_Required action_.
If a line below falls between the line with "5. When tail" and the line with "到2025年,建设一批国家水", or is one of those two, output it exactly; output nothing else and no pictures.

_Dataset records_.
[Start of Attachment]

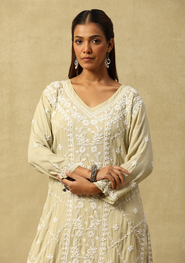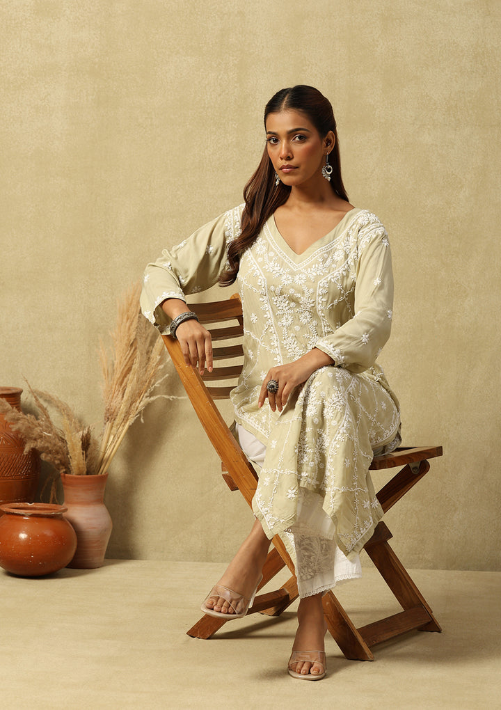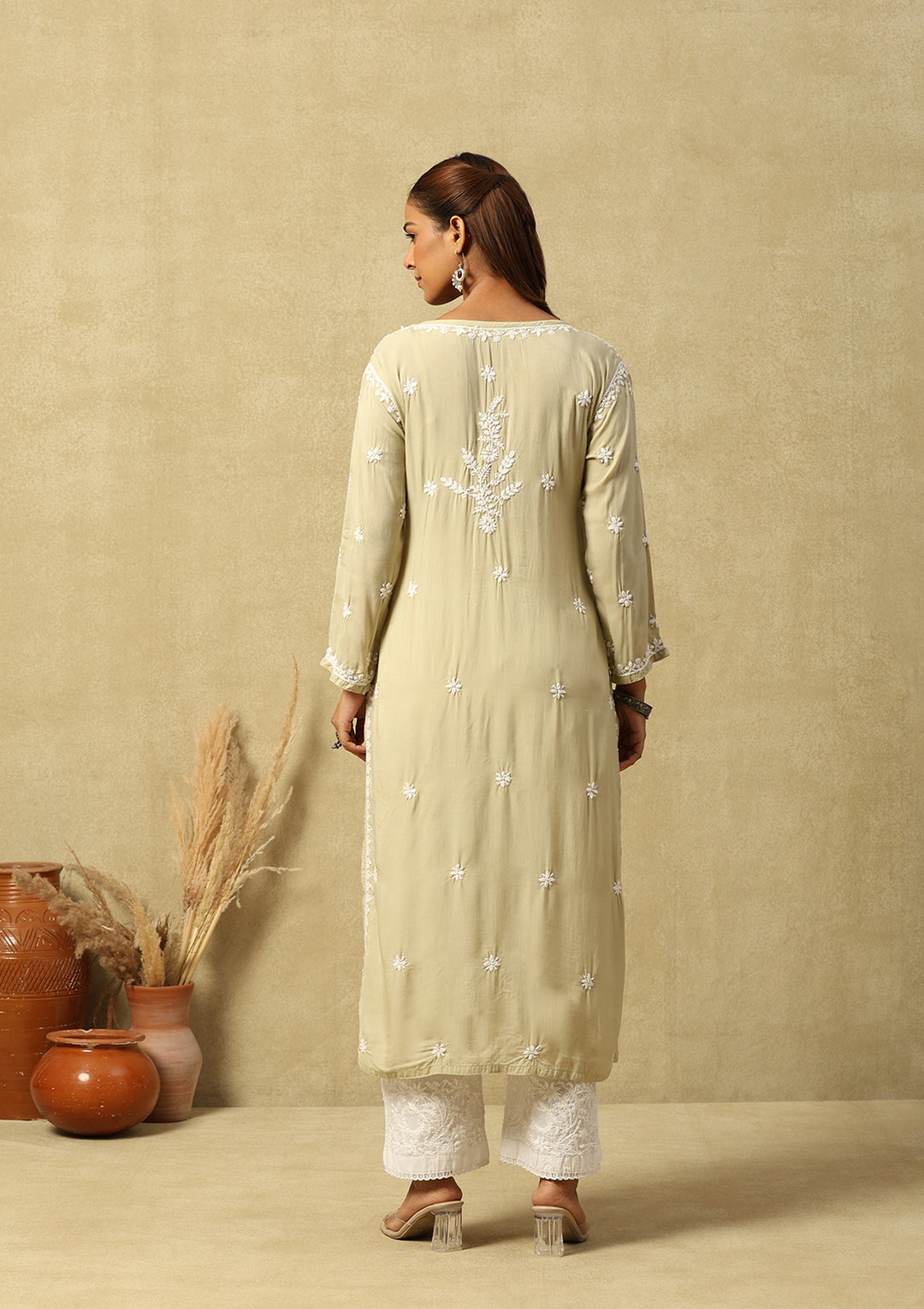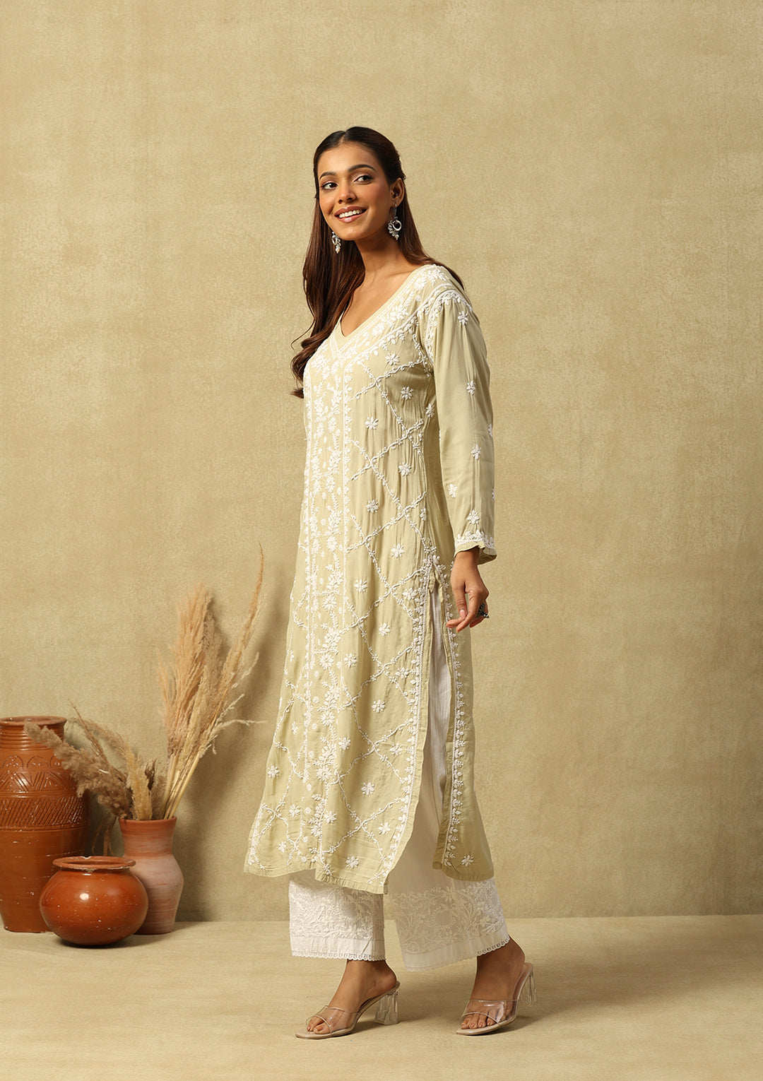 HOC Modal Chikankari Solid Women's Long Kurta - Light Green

[End of Attachment]
[Start of Attachment]

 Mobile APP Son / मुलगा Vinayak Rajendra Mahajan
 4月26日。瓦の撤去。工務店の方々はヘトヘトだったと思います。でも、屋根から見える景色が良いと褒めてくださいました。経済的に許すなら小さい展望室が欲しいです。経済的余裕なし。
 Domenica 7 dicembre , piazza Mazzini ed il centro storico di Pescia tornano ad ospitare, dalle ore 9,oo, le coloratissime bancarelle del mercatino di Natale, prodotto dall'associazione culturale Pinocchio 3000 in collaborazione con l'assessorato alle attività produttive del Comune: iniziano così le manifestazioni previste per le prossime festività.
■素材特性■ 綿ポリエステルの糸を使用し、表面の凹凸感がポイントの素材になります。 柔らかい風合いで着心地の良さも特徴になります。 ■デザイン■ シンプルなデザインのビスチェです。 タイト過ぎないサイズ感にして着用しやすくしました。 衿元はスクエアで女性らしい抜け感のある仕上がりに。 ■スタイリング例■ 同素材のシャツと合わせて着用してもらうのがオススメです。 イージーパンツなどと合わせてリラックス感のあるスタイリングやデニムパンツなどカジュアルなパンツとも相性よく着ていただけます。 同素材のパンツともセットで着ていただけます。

[End of Attachment]
[Start of Attachment]

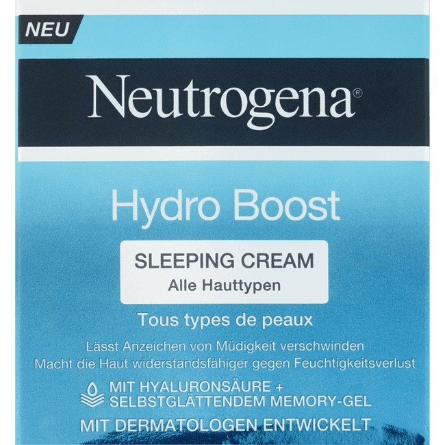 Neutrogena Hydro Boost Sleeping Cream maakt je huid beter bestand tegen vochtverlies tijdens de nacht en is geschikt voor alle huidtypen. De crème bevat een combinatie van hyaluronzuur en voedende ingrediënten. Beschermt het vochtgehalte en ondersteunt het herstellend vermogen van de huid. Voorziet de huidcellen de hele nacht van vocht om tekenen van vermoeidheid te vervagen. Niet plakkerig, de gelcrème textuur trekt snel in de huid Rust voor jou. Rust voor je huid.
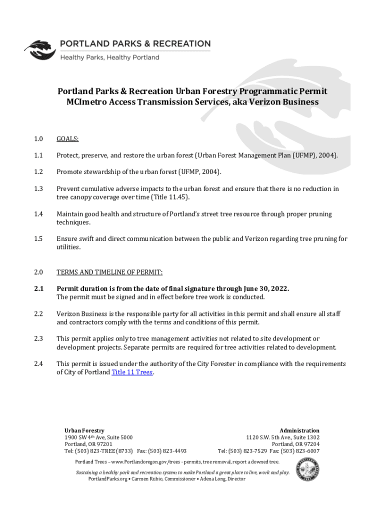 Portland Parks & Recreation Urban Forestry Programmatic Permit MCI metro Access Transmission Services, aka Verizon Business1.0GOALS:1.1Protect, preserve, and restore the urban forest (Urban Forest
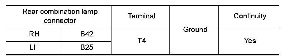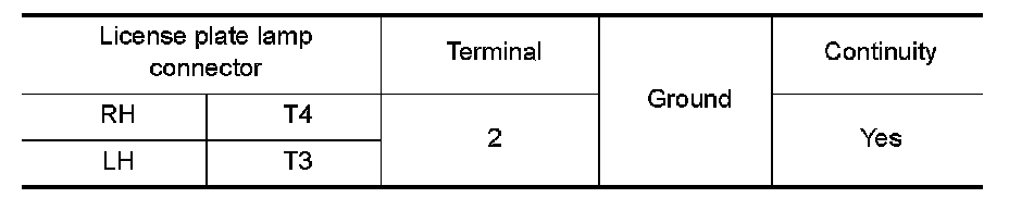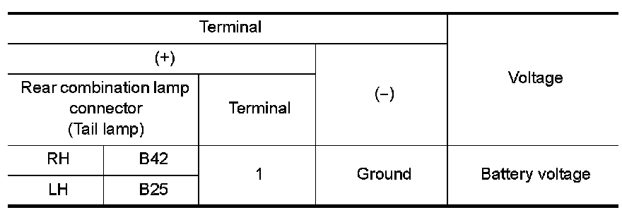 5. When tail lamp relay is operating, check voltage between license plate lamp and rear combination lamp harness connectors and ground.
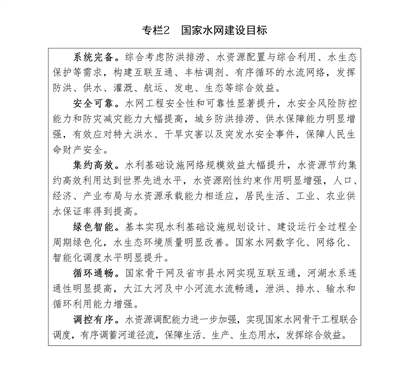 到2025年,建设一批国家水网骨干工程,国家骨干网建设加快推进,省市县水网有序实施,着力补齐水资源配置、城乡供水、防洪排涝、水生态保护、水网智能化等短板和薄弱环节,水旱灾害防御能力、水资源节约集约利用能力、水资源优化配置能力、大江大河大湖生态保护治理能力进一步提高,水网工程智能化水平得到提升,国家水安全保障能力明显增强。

[End of Attachment]

_Written response_.
 5. When tail lamp relay is operating, check voltage between license plate lamp and rear combination lamp harness connectors and ground.
 到2025年,建设一批国家水网骨干工程,国家骨干网建设加快推进,省市县水网有序实施,着力补齐水资源配置、城乡供水、防洪排涝、水生态保护、水网智能化等短板和薄弱环节,水旱灾害防御能力、水资源节约集约利用能力、水资源优化配置能力、大江大河大湖生态保护治理能力进一步提高,水网工程智能化水平得到提升,国家水安全保障能力明显增强。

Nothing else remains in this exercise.